- Pitcher
- Born: January 29, 1860 Germantown, Philadelphia, Pennsylvania
- Died: January 27, 1915 (aged 54) Bristol, Pennsylvania, U.S.
- Batted: UnknownThrew: Right

MLB debut
- June 23, 1890, for the Philadelphia Phillies

Last MLB appearance
- June 23, 1890, for the Philadelphia Phillies

MLB statistics
- Win–loss record: 0–1
- Earned run average: 21.60
- Strikeouts: 2
- Stats at Baseball Reference

Teams
- Philadelphia Phillies (1890);

= John Coleman (baseball, born 1860) =

American baseball player (1860–1915)

John W. Coleman (January 29, 1860 – January 27, 1915) was an American professional baseball player. He played in Major League Baseball (MLB) as a right-handed pitcher. He played briefly for the Philadelphia Phillies during the 1890 season.

==Early life==
John W. Coleman was born on January 29, 1860, in Germantown, Philadelphia, Pennsylvania, to Katharine and William Coleman.
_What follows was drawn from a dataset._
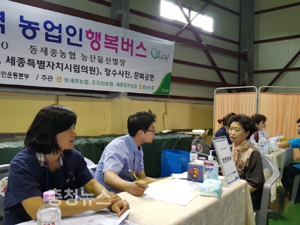 농협 충남지역본부(본부장 유찬형)는 30일 세종지역에서 충남대학교병원 의료봉사단 40여명과 함께 농업인 행복버스를 진행했다.

At a young age, he moved to Bristol, Pennsylvania.

==Career==
In 1887, Coleman was a pitcher on a baseball team in Bristol along with Doc Potts. According to his obituary, he struck out 22 men in one game. His career, statistically speaking, was only slightly different from that of Moonlight Graham. Coleman debuted on June 23, 1890, and was charged with eight runs (including four earned) on four hits with three walks and two strikeouts in 1 2/3 innings. He took the loss (21.60 earned run average) and never appeared in another major league game.

Coleman had a restaurant business on Mill Street. He then took charge of the Coleman House.

==Personal life==
Coleman married Elizabeth. They had one daughter, Helen.

Coleman had cirrhosis of the liver starting around 1905. He died on January 27, 1915, at his home in Bristol. He was buried in St. Mark's Cemetery.